> The task
Please transcribe the data that follows without the pictures, keeping every word the same.

> Information shown

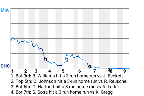 2 (3, 4th Inning off J. Beckett, 0 on, 0 outs; 6th Inning off A. Leiter, 2 on, 0 outs)
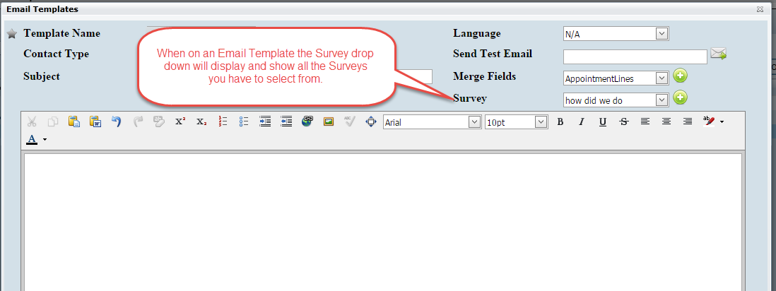 In order for surveys to be sent they need to be included on an email template in the same manner as a merge field. The Survey drop down list will appear under the Merge Fields drop down if Surveys exist for the corresponding Contact Type. When clicking on the drop down we will display the Surveys that have been saved for that Contact Type. Place your cursor where you'd like the Survey link to appear and select your survey and click the green plus button. The Survey name will appear as a hyperlink to the customer when receiving the email. Once the email is sent out, the customer will be able to click on the link and fill out the Survey.
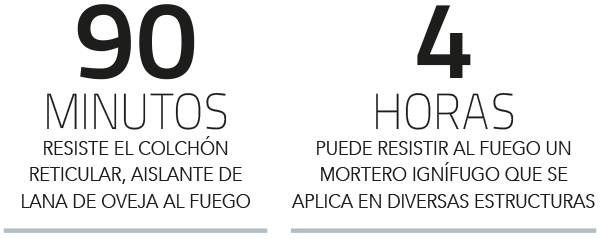 Por ejemplo, uno de sus morteros ignífugos -materiales de aspecto rugoso que se aplica por aspersión en diferentes estructuras- alcanza una resistencia al fuego que puede llegar hasta cuatro horas.
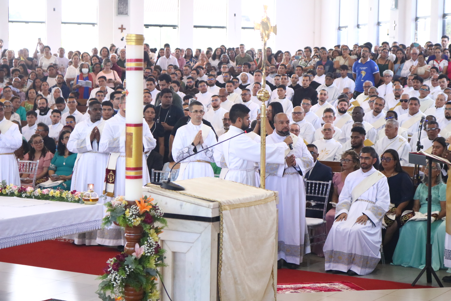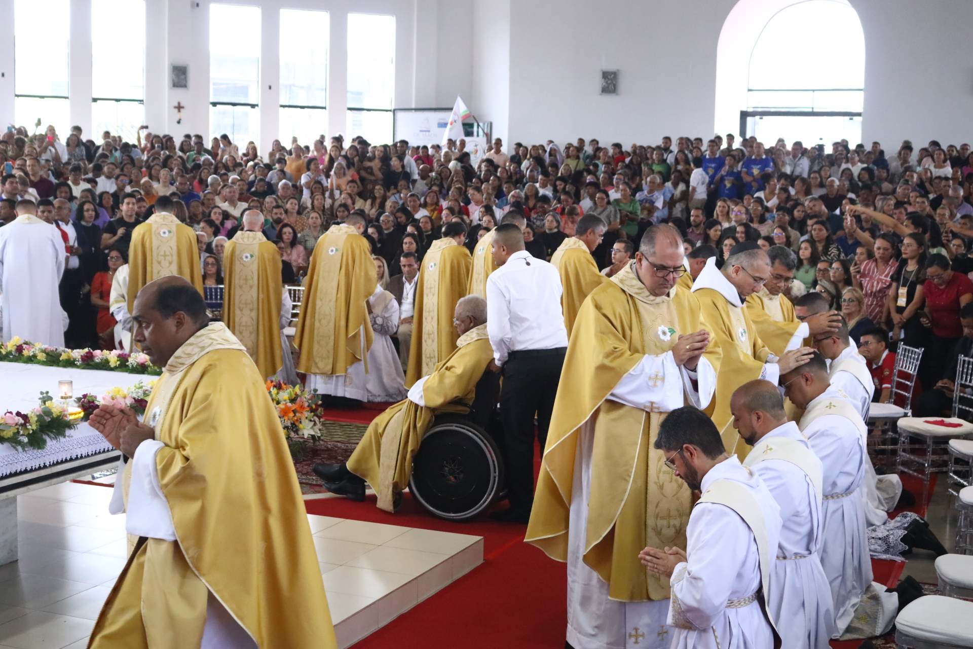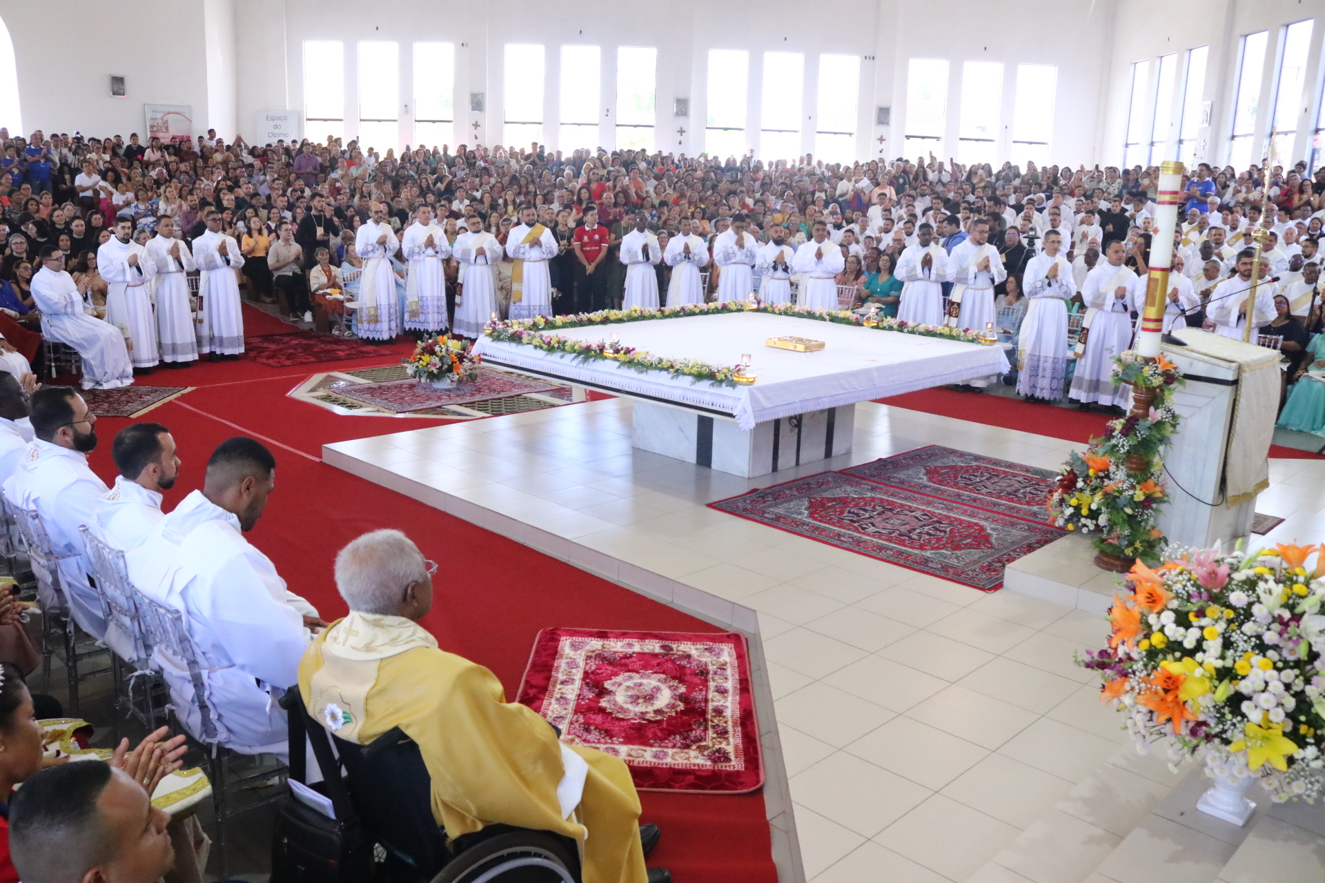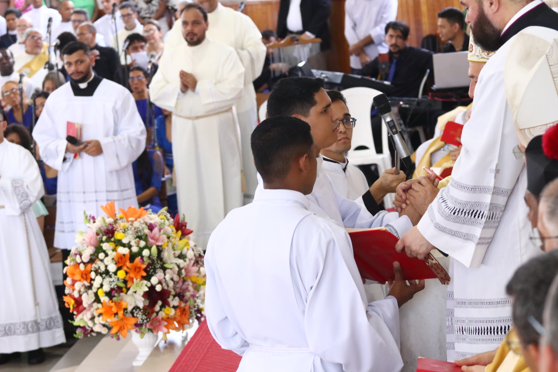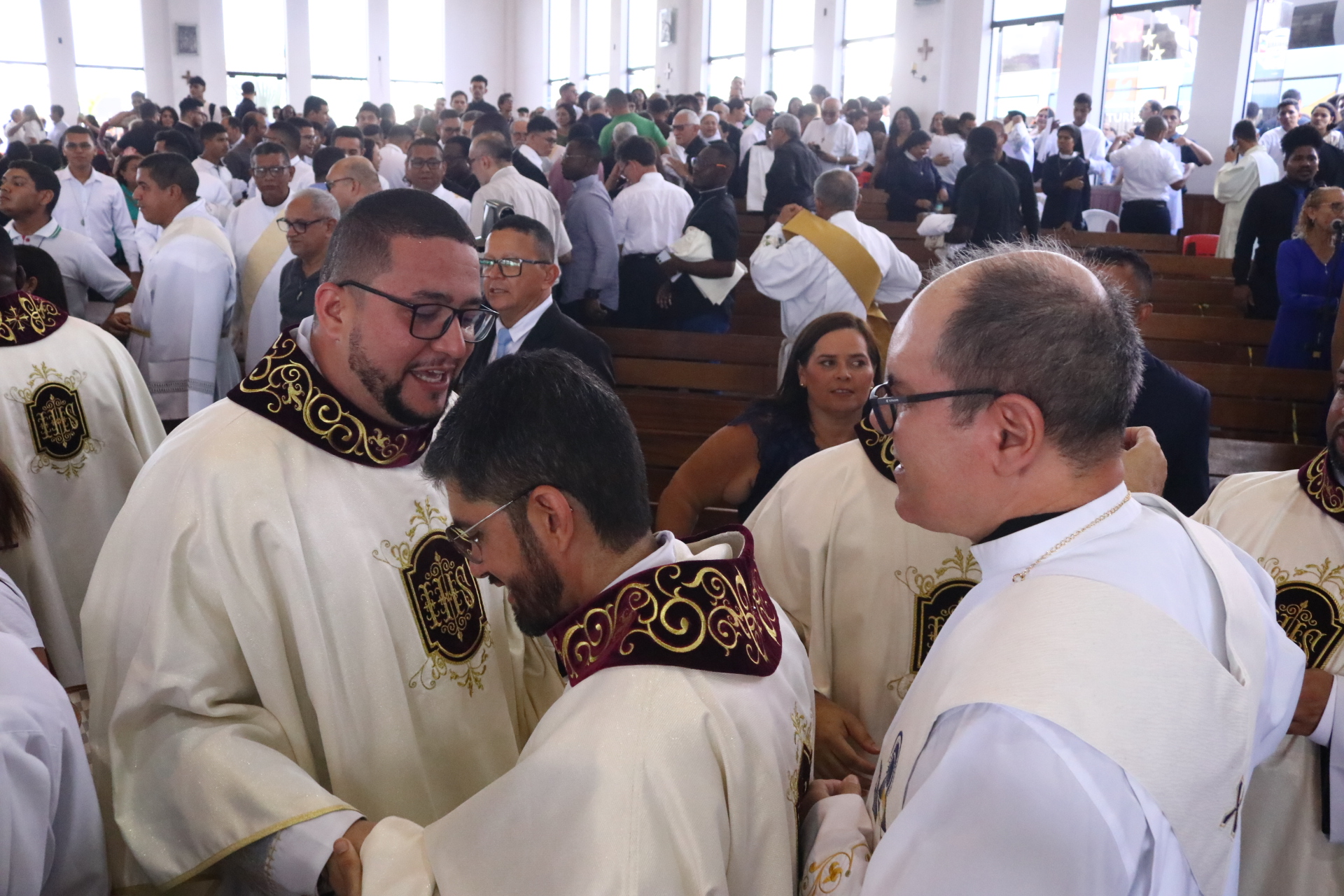 Em uma cerimônia na Paróquia Jesus Bom Samaritano, no bairro do Tapanã, Arquidiocese de Belém realizou no sábado, dia 17, a ordenação Diaconal de 11 seminaristas e a Presbiteral de 18 diáconos. A celebração foi prestigiada por familiares, amigos, convidados e demais fiéis da comunidade local, com a igreja totalmente lotada para aquela programação.

> Exercise solution
 2 (3, 4th Inning off J. Beckett, 0 on, 0 outs; 6th Inning off A. Leiter, 2 on, 0 outs)
 In order for surveys to be sent they need to be included on an email template in the same manner as a merge field. The Survey drop down list will appear under the Merge Fields drop down if Surveys exist for the corresponding Contact Type. When clicking on the drop down we will display the Surveys that have been saved for that Contact Type. Place your cursor where you'd like the Survey link to appear and select your survey and click the green plus button. The Survey name will appear as a hyperlink to the customer when receiving the email. Once the email is sent out, the customer will be able to click on the link and fill out the Survey.
 Por ejemplo, uno de sus morteros ignífugos -materiales de aspecto rugoso que se aplica por aspersión en diferentes estructuras- alcanza una resistencia al fuego que puede llegar hasta cuatro horas.
 Em uma cerimônia na Paróquia Jesus Bom Samaritano, no bairro do Tapanã, Arquidiocese de Belém realizou no sábado, dia 17, a ordenação Diaconal de 11 seminaristas e a Presbiteral de 18 diáconos. A celebração foi prestigiada por familiares, amigos, convidados e demais fiéis da comunidade local, com a igreja totalmente lotada para aquela programação.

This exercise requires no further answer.